Alright, so the chapter starts off with Zack being a horrible driver on a bad road. #IBelieveIt We’re headed to the Ashtons’ summer home in Roxbury, and apparently it’s hella off the grid because there’s no maintenance on the roads. Lovely. Zack’s tires are gonna be fuuuuuuuuucked.
Same, Zig. Same.
Zack is poking fun at how snobby Mr. and Mrs. Ashton are, and good guy Chris defends them. We’ve met them before, so we of all people should know, right? Well, I didn’t love them, but they were tolerable. I did have a thing for James and they actually kind of brought us together, which I love. Even though I broke up with James, I still respect him greatly and would be open to getting back together under the condition he quits wearing that hipster outfit and that he’s not a douche anymore. It was hard breaking up with him because I was so whipped for him in all three books, but then he kind of turned into a fuckboy and that is #NotMyStyle.

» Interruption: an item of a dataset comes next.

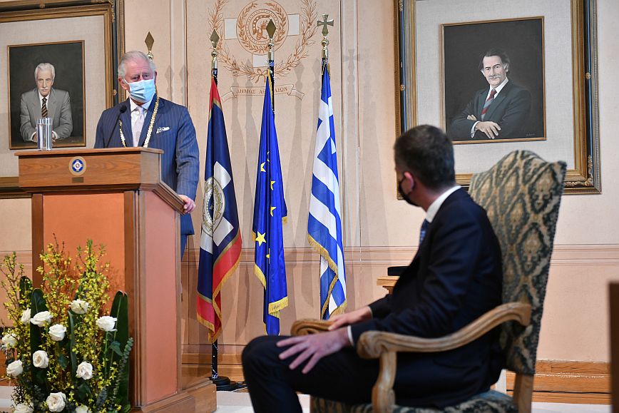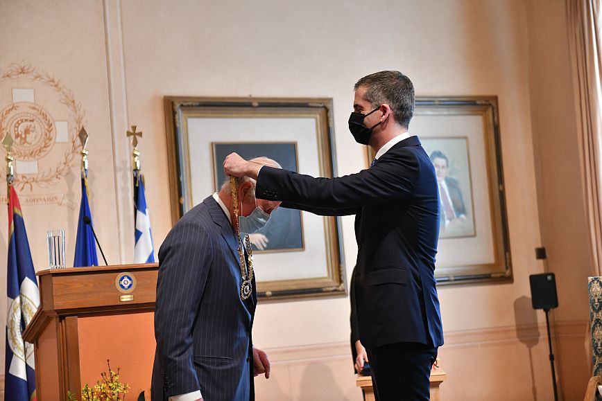 Βαθιά συγκινημένος δήλωσε ο πρίγκιπας της Ουαλίας Κάρολος κατά τη διάρκεια της απονομής από τον δήμαρχο Αθηναίων Κώστα Μπακογιάννη του χρυσού μεταλλίου αξίας της Πόλεως των Αθηνών.
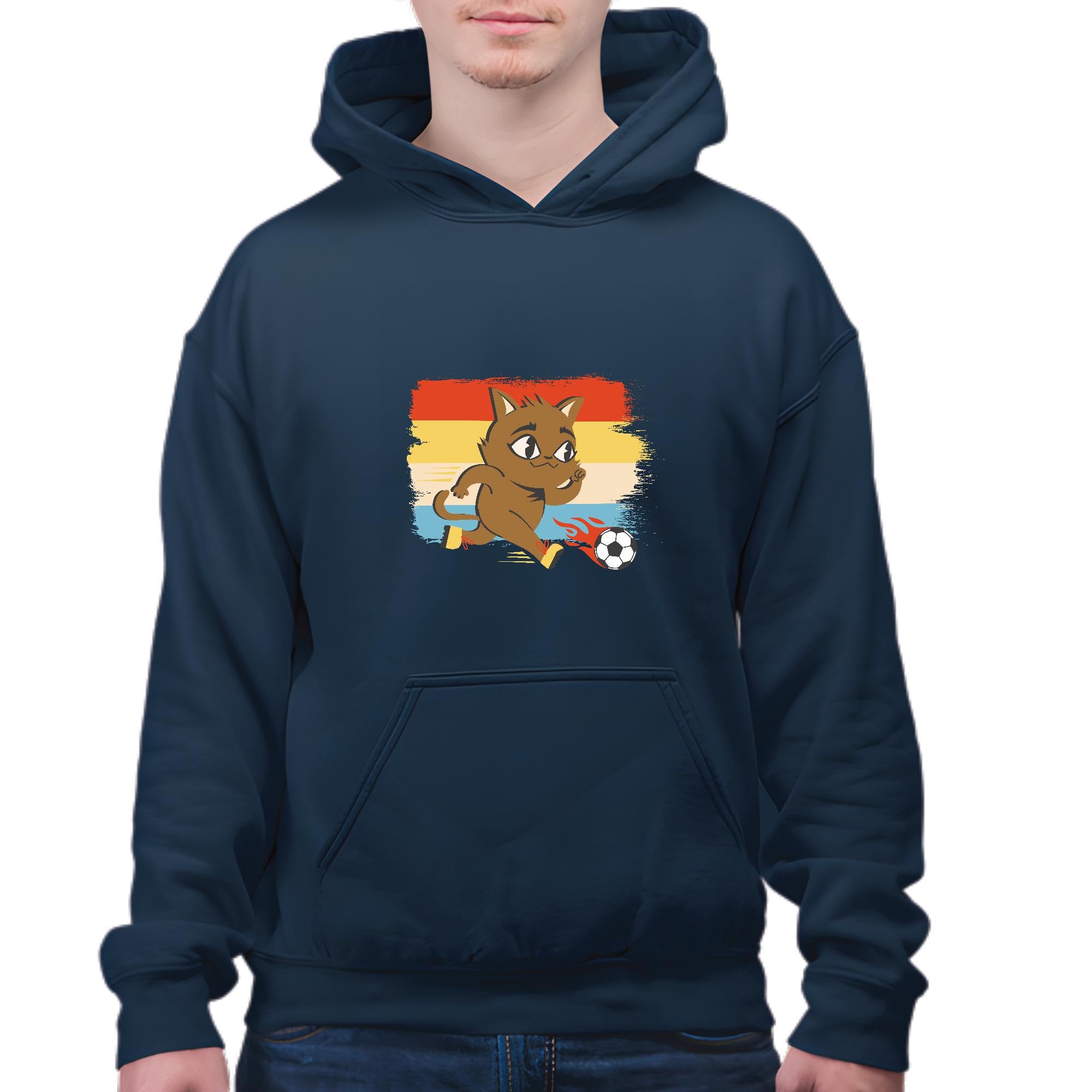 Soccer Cat Lover Gifts Ideas Ideal Present for Cat Lovers Fans and Supporters Navy and Muticolor Unisex Hoodie

I’ll say James’ parents are an acquired taste, because that’s exactly what they are. Some will like them, some won’t. MC advises them that while it’s okay for us to stay at their place, we should be on our best behavior. And honestly, that’s what any decent guest should do. Don’t act like an ape at someone else’s expense.
Good news! James’ parents are letting up on the writing thing, which is great! I was hoping they would come around. James is such a natural at writing and he genuinely loves the craft. That should be enough for parents, even if I do understand wanting the legacy to continue on and wanting a good, stable life for their child. At some point, you have to learn to let baby bird fly away.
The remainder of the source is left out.